The case was appealed to the state supreme court, which ruled that the state law was unconstitutional. The court began its opinion by observing that statutes restricting charitable gifts originated in feudal England “as part of the struggle for power and wealth between the king and the organized church.” As feudalism declined, the justification for these laws became the protection of surviving family members against disinheritance caused by the undue influence of religious organizations. In rejecting this rationale, the court observed that “it is unreasonable to presume, as the statute seems to do, that all lineal descendants are dependents, in need, or are not otherwise provided for.”

The court emphasized that state law has ample protections against undue influence and fraud that can be used by disinherited family members without the need for a specific statute. Further, the court observed that “the charitable gift restriction fails to protect against windfalls by lineal descendants who have had no contact with the decedent but who may benefit from the avoidance of a charitable gift.” Since the statute was not “reasonably necessary to accomplish the asserted state goals,” it violated the state constitution. Further, the statute violated the federal and state constitutional protections of the “equal protection of the laws,” since it treated gifts made to charitable and religious organizations within six months of death less favorably than other gifts without any rational justification. The fact that a gift is made within six months of death is not in itself sufficient proof of undue influence, noted the court, since most gifts made within six months of death are not the product of undue influence and some gifts made more than six months prior to death are. Accordingly, the six-month rule was arbitrary and treated charities less favorably than other citizens or organizations without adequate justification.

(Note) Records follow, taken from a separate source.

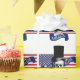 Design patriótico orgulhoso moderno engraçado da bandeira americana com um crânio gótico do vintage do divertimento que veste o chapéu alto do estilo de Abraham Lincoln e uma bandeira americana vermelha da bandeira star spangled da bandeira dos Estados Unidos branca e azul, com dizer do texto de América dos deus abençoe. Comemore orgulhosa a acção de graças ou a 4o do Dia da Independência de julho no estilo.
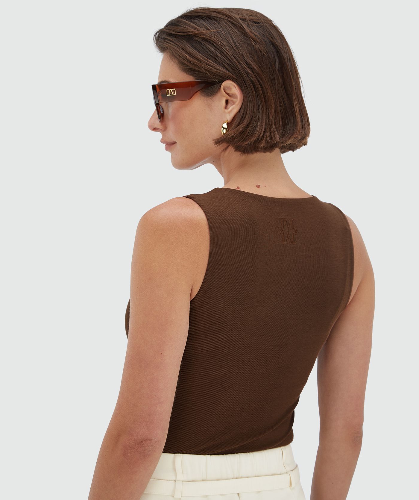 The Linde women’s top in Dark Brown is made from a cotton blend with stretch, making it very comfortable to wear. Unique details include the square neckline and the embroidered logo on the back. This dark brown slim-fit top is a perfect basic that goes with everything.
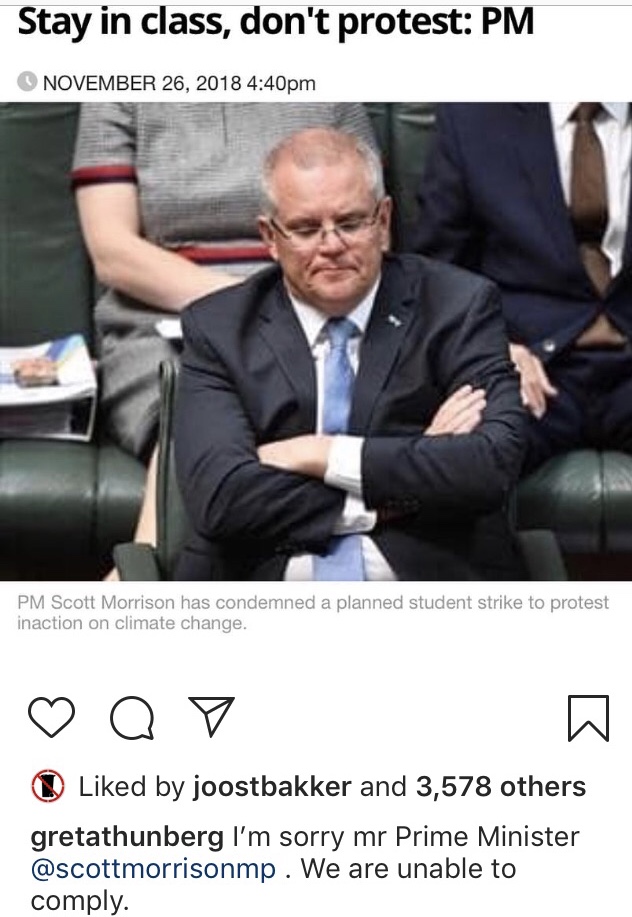 Australian readers will appreciate this post! The students commented on how pleased they were that the Prime Minister had responded, firstly because it meant he was taking notice, and secondly, that being told to stay in school just made them want to go on strike even more. Jean also mentioned that after seeing how committed the Australian students were to getting their voices heard, Greta was re-inspired to keep going.
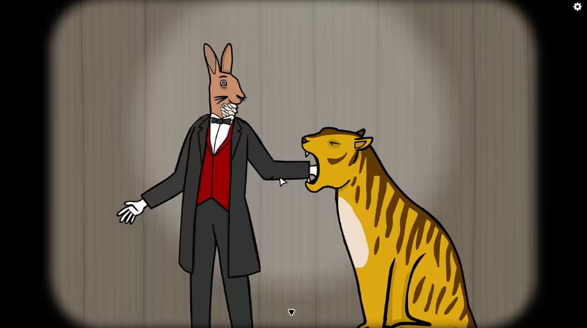 6、第六幕:只有当老虎闭上眼睛的时候,才可以按住兔子先生让他伸手臂。否则兔子先生的手臂会被老虎吃掉
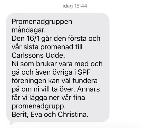 Jag hörde från Valberedarna att vi saknar en kantaktperson för promenadgruppen.

In another significant decision, the Supreme Court of Pennsylvania struck down a state law invalidating any testamentary gift for religious or charitable purposes included in a will executed within 30 days of the death of the donor. 47 In re Estate of Cavill, 329 A.2d 503 (Pa. 1974).The court reasoned that the fourteenth amendment to the United States Constitution, which prohibits states from denying to any persons the “equal protection of the laws,” requires that statutory classifications must be “reasonable, not arbitrary, and must rest upon some ground of difference having a fair and substantial relation to the object of the legislation, so that all persons similarly circumstanced shall be treated alike.” 48 Id. at 505.

The Pennsylvania statute, concluded the court, divided donors into two classes, one class being composed of donors whose wills provided for charitable gifts and who died within 30 days of executing their wills, and the other of donors who either made no charitable gifts in their wills or who survived the execution of their wills by at least 30 days. Gifts made by a donor in the first class were nullified by the statute, while gifts made by donors in the second class were permitted.

Such a classification, concluded the court, violated the fourteenth amendment’s equal protection clause and therefore was impermissible:

Clearly, the statutory classification bears only the most tenuous relation to the legislative purpose. The statute strikes down the charitable gifts of one in the best of health at the time of the execution of his will and regardless of age if he chances to die in an accident 29 days later. On the other hand, it leaves untouched the charitable bequests of another, aged and suffering from a terminal disease, who survives the execution of his will by 31 days. Such a combination of results can only be characterized as arbitrary. 49 Id. at 505-06.

The repeal of such statutes has the salutary effect of abolishing the irrebuttable presumption that certain gifts to charity are the product of undue influence, and of compelling disinherited heirs to prove undue influence in order to invalidate testamentary gifts to charity.